Altered Functional Connectivity in Schizophrenia

The intrinsic activity and connectivity of the human brain at rest is highly organized (Raichle and Snyder, 2007) while displaying significant variation between individuals and in disease states such as schizophrenia (see for example, Lynall et al. (2010) and Skudlarski et al. (2010)). Our results show that both strength and diversity are significantly different in the schizophrenia cohort, providing further supporting evidence for this conclusion. In a previous study, Lynall et al. (2010) reported group differences in strength and diversity that passed FDR correction (rather than the Bonferroni correction used in the present study) albeit within a smaller subset of the brain regions studied here (72 rather than 90). Our work confirms and extends Lynall’s findings, thereby joining a growing body of literature indicating abnormal resting state functional and structural dysconnectivity in schizophrenia (Zalesky et al., 2011; van den Heuvel et al., 2010; Skudlarski et al., 2010; Rubinov et al., 2009a).

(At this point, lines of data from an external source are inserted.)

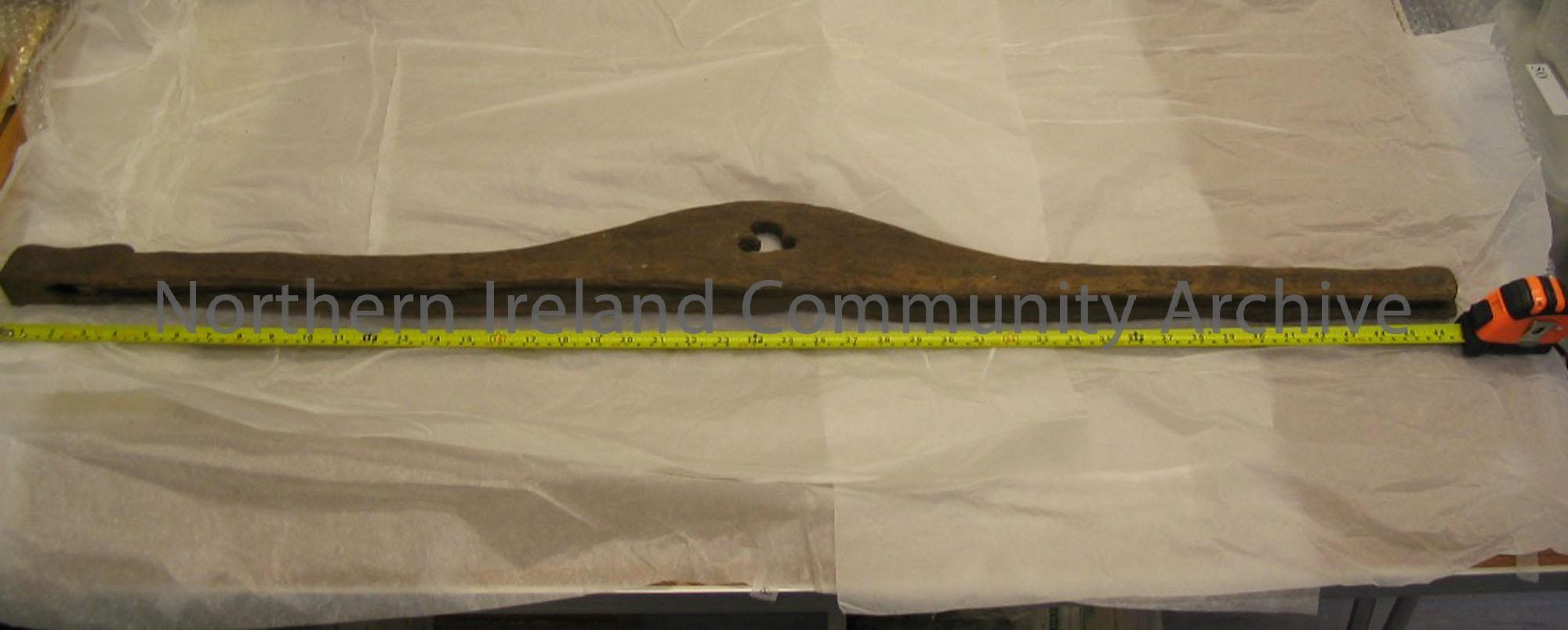 Length of wood with one straight edge and a curved edge pierced in the middle.
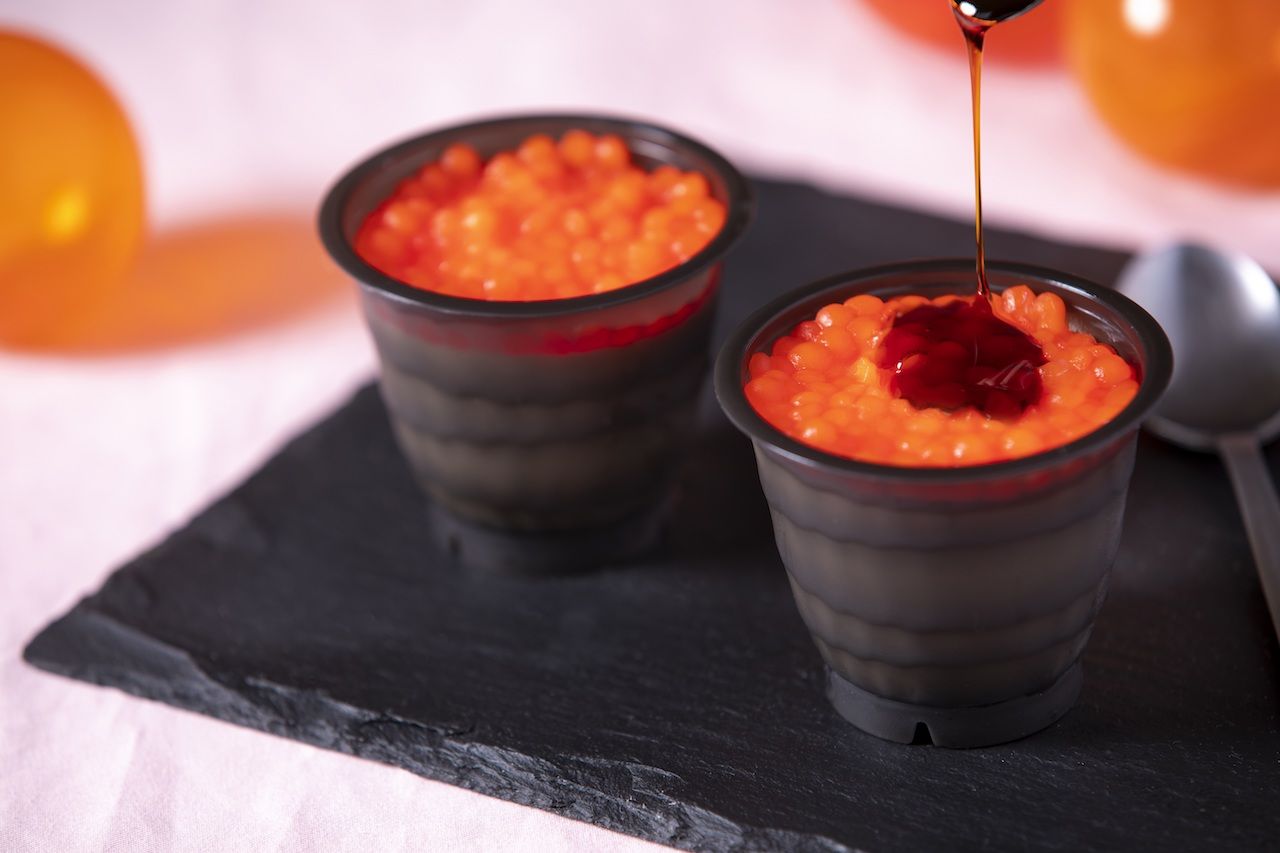 スイーツは、「いくら丼プリン」と名付けられたいくら丼をイメージしたプリンです。濃厚な味わいのプリンに牛乳で炊いたお米が入っており、その上にいくらに見立てたイチゴ味のタピオカが盛り付けられています。さらに、このプリンには醤油の代わりにカラメルソースが付いています。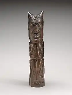Although Gauguin made some of his early strides in the world of art under Pissarro, Edgar Degas was Gauguin's most admired contemporary artist and a great influence on his work from the beginning, with his figures and interiors as well as a carved and painted medallion of singer Valérie Roumi.[66] He had a deep reverence for Degas' artistic dignity and tact.[67] It was Gauguin's healthiest, longest-lasting friendship, spanning his entire artistic career until his death.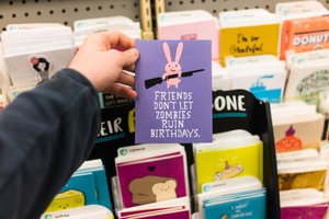 A hand holds a quirky birthday card featuring a playful pink bunny wielding a toy gun, playfully inscribed with the humorous phrase about zombies. The surrounding display of colorful greeting cards adds a cheerful yet surreal atmosphere, contrasting the card's unexpected theme. Bright lighting enhances the vibrant colors, creating an inviting and lighthearted mood in the scene.
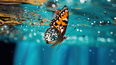 blue beautiful butterfly under water at seaground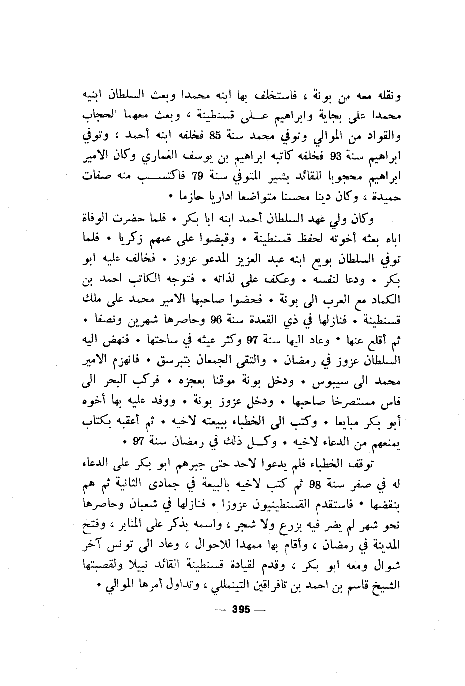 وكان ولي عهد السلطان أحمد ابنه ابا بكر. فلما حضرت الوفاة اباه بعثه أخوته لحفظ قسنطينة. وقبضوا على عمهم زكريا. فلما توفي السلطان بويع ابنه عبد العزيز المدعو عزوز. فخالف عليه ابو بكر. ودعا لنفسه. وعكف على لذاته. فتوجه الكاتب احمد بن الكماد مع العرب الى بونة. فحضوا صاحبها الامير محمد على ملك قسنطينة. فنازلها في ذي القعدة سنة 96 وحاصرها شهرين ونصفا.

Functional connectivity at rest is thought to support self-referential or introspective mental processes (Fair et al., 2008) that might be altered in people with schizophrenia, who display altered self-attribution and self-reference (Pauly et al., 2011), self-concept (Nelson et al., 2009), self-recognition (Waters and Badcock, 2010), and self-experience (Lysaker and Lysaker, 2010). Some have argued that failures of self-monitoring in schizophrenia can be explained mechanistically via altered neurophysiological phenomena, specifically aberrant N-methyl-D-aspartate receptor (NMDAR)-mediated synaptic plasticity (Stephan et al., 2009), and that large-scale functional connectivity measurements at rest might provide key insight into smaller-scale neurophysiological abnormalities in the disease. Recent work has directly linked resting state functional connectivity to patterns of the neurophysiological process of aerobic glycolysis (Vaishnavi et al., 2010). Abnormal connectivity in schizophrenia, therefore, may accompany abnormal glycolytic processes within the disease. Although previous work has provided strong genetic evidence for a link between regulatory enzymes in glycolysis and schizophrenia (Stone et al., 2004), a direct relationship between altered glycolysis and altered functional connectivity measurements in schizophrenia has yet to be validated.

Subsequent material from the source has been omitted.